In der Bretagne hat es Anfang November begonnen und dort soll es heute weiter gehen. 450 Kilometer westlich von Paris, im Finistère, am Ende der Welt. Das 8000-Seelen-Dorf Carhaix mit seinem Bürgermeister Christian Troadec steht für die Protestbewegung, die die Hauptstadt herausfordert:
"Wir wollen die definitive Abschaffung der Ökosteuer."
Diese Abgabe für Lkw ist seit Jahren beschlossen und sie wäre nächstes Jahr in Kraft getreten, gäbe es die Bewegung von Christian Troadec nicht. Paris hatte, als Anfang November Mautstationen und Radaranlagen im ganzen Land brannten, die Steuer auf Eis gelegt. Jetzt heißt es, sie könne 2015 in Kraft treten, vielleicht. Die Bretonen aber wollen Klarheit, deshalb geht es heute wieder auf die Straße.
"Leben, Entscheiden und Arbeiten in der Bretagne", das ist der Schlachtruf der Bewegung. Um den traditionellen und tief verwurzelten Wunsch nach Autonomie vieler Bretonen geht es dabei auch.
So wehen die schwarz-weißen Fahnen der Bretagne und überall tauchen die roten Mützen auf, wie sie im 17. Jahrhundert getragen wurden, als es gegen die Steuerpolitik unter Louis XIV. auf die Barrikaden ging.

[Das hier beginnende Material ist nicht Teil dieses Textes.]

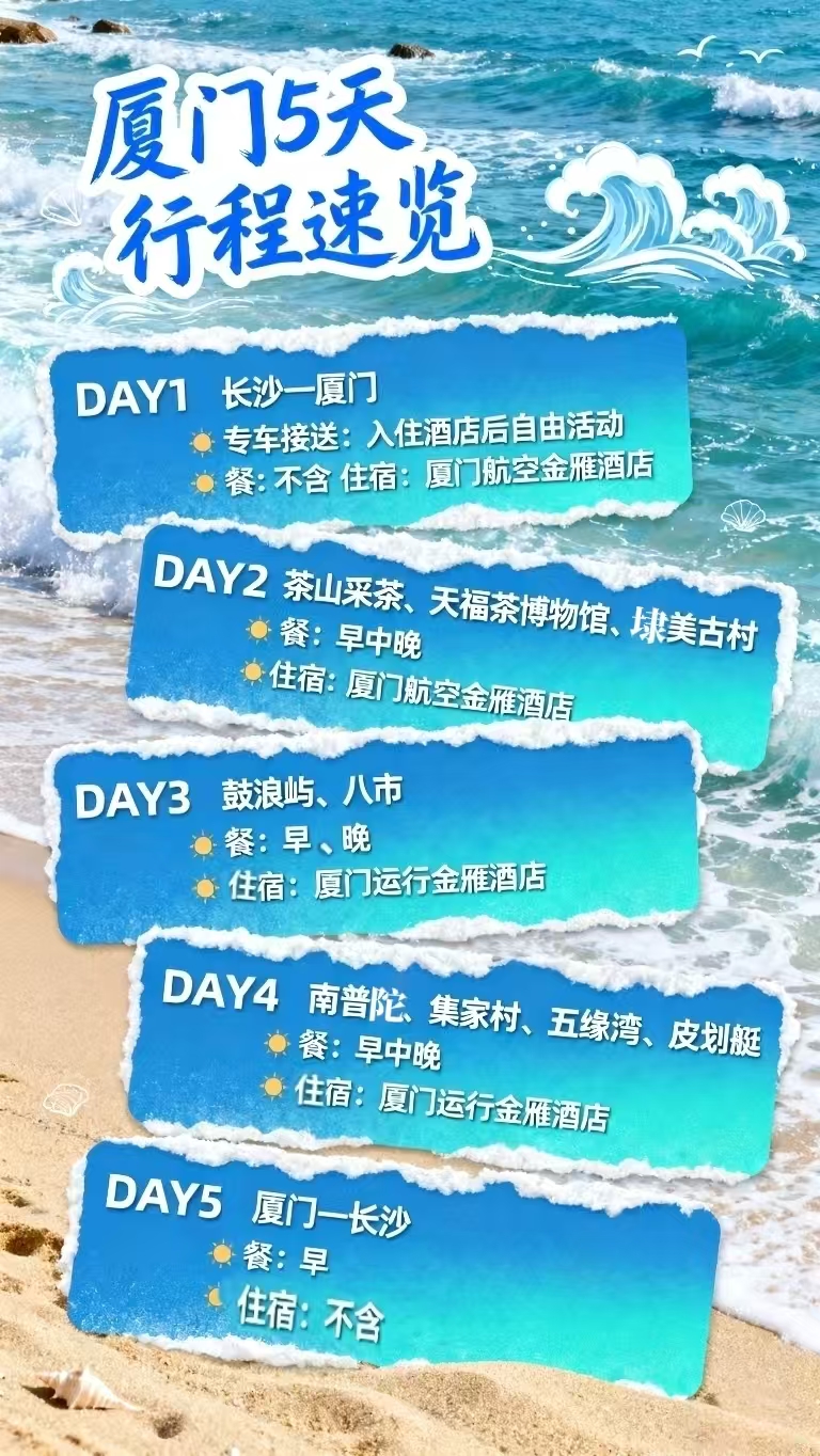 1、交通:长沙—厦门高铁二等座,当地空调旅游大巴,儿童报价不含高铁票

Acht bis 15 Cent für die Nutzung der Nationalstraßen, denn die Autobahnen sind bereits mautpflichtig, " Re'zo re", "zu viel ist zu viel", riefen da die Bretonen. Die wirtschaftlichen Probleme sind in den Randregionen Frankreichs besonders ausgeprägt: In der Bretagne schließen Schlachthöfe und Agrarbetriebe, ziehen sich Autofirmen und Telekommunikationskonzerne zurück. So gingen sie alle auf die Straßen, Arbeiter, Bauern, Handwerker, Firmenchefs neben Beschäftigten. Die roten Mützen auf dem Kopf. An denen eine namhafte, bretonische Wollfabrik nun recht gut verdient. Elf Euro das Stück, vier Euro Gruppenrabatt.

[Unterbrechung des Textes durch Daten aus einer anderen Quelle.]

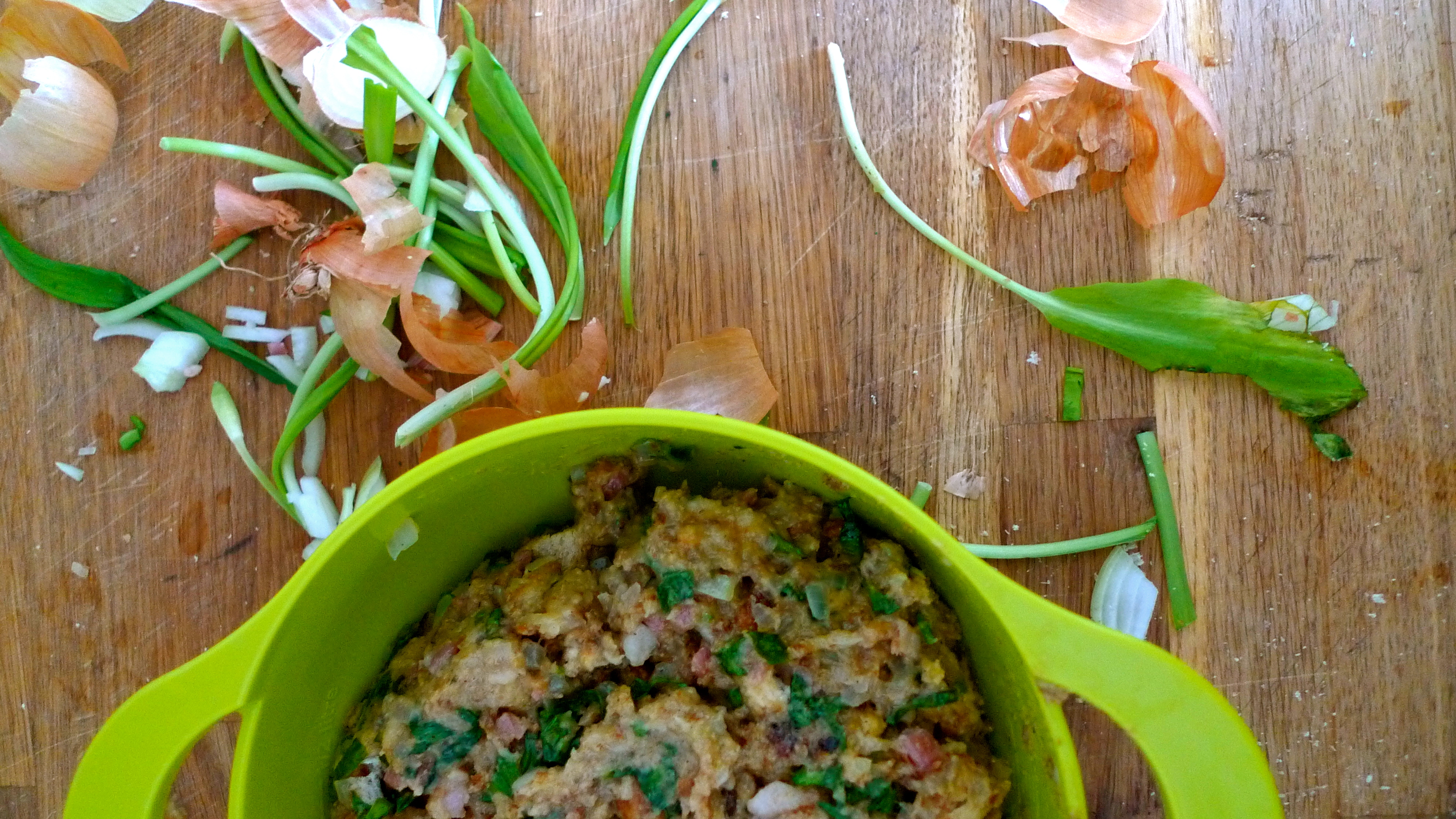 Für die Knödel: 10 Scheiben (Mehrkorn)Toastbrot – Butter – 1-2 Zwiebeln – ca 120g gewürfelter Speck – 100ml Milch – 100g Bärlauch, bzw nach Geschmack – 2 Eier – Salz – Pfeffer

Aber es gibt auch preiswerte Nachahmermodelle, weniger hochwertig und auf den Köpfen derer, die auf den fahrenden Zug der Protestbewegung aufsprangen, Jean-Marie Le Pen etwa, der greise Ehrenvorsitzende des extremen rechtspopulistischen "Front National."
"Ich bin Bretone mit Wurzeln im Morbihan. Und ich bin überzeugt, was in der Bretagne geschieht, hat nicht nur mit der Lkw-Maut zu tun, da geht es in Wahrheit um die Zukunftsängste der Franzosen, vor allem in den Regionen."

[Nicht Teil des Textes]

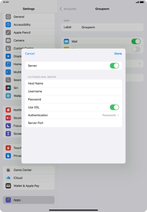 Press Password and key in the password for your email account. Please note that if you're using Vodafone's outgoing server, leave the password field empty.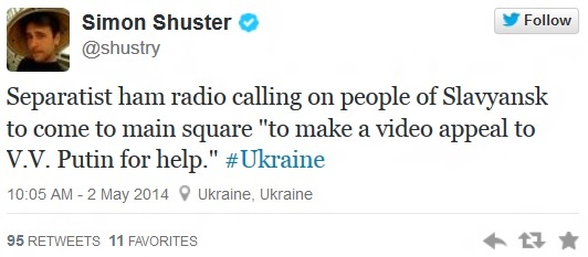 Сепаратисты в Славянске зовут жителей города прийти на главную площадь, чтобы сделать видеообращение к президенту РФ Владимиру Путину с просьбой о "помощи". Об этом сообщил журналист Саймон Шустер в своем Twitter'е.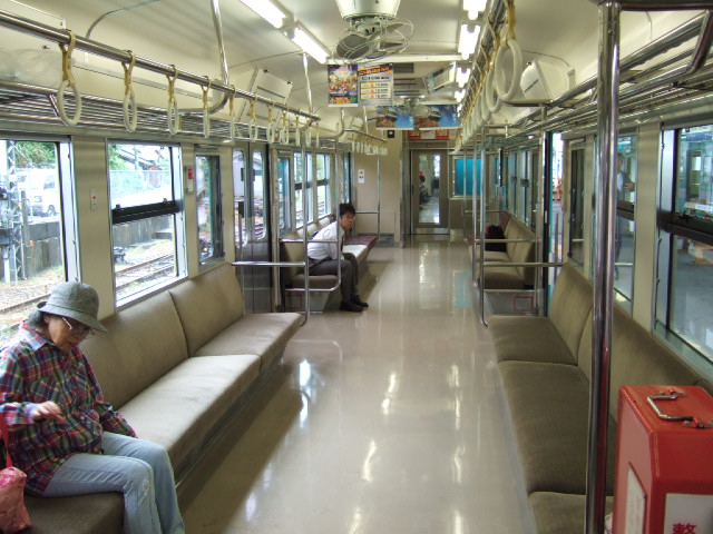 | 御坊からのランナー・・103系を改造した物と分かります。 | その車内・・古めかしいボックスシートの車内ですが、トイレもありバリアフリー機能を備えています。 | ||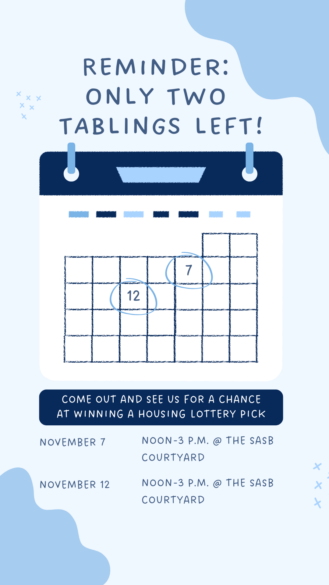 Reminder: Only two tablings left! Come out and see us for a chance at winning a housing lottery pick. Published on the Carolina Housing Instagram account during the Fall 2024 semester.

Ein Auftritt, den die etablierten Gewerkschaften Frankreichs auskosteten. Sie standen bei den Protesten ein wenig abseits, waren es nicht, die die Massen auf die Straßen gebracht hatten. Auch deshalb kritisieren sie die Bewegung jetzt, sagen, dort – in der Bretagne - seien "Poujadisten" am Werk - also jene Rechtsgerichteten, wie sie in den späten 50er-Jahren in Frankreich erfolgreich waren, darunter damals ein gewisser Jean-Marie Le Pen.
"Die ‚Bonnets Rouges‘ wollen doch nur Beschäftigte aus einem Teil Frankreich gegen einen anderen ausspielen, Franzosen gegen Franzosen, Regionen gegen Regionen,"
meint Thierry Leapon für die linke Gewerkschaft CGT, die sich mit einer anderen Gewerkschaft, der CFDT zusammengetan hat, um ihrerseits Demonstrationszüge zu organisieren, für Arbeit und soziale Fragen. Der Zulauf ist aber gering, die Rotmützen bringen mehr Menschen auf die Straße als die Syndikate, die gerne im Spiel bleiben möchten.
Und so entsteht eine gewisse Konkurrenz der Protestierenden. Für die Regierung ist das eine schwierige Lage, denn die Ansprechpartner sind damit zahlreich. Gestern blockierten Landwirte die Zufahrtsstraßen nach Paris, morgen will die Linksfront Richtung Finanzministerium marschieren. Was den Bretonen mit der Lkw-Maut gelang, möchte die radikale Linke mit der Mehrwertsteuererhöhung erreichen, die Anfang Januar ins Haus steht. Und immer mischen sich unter die Demonstranten solche mit roten Mützen, aber das Original stammt aus der Bretagne.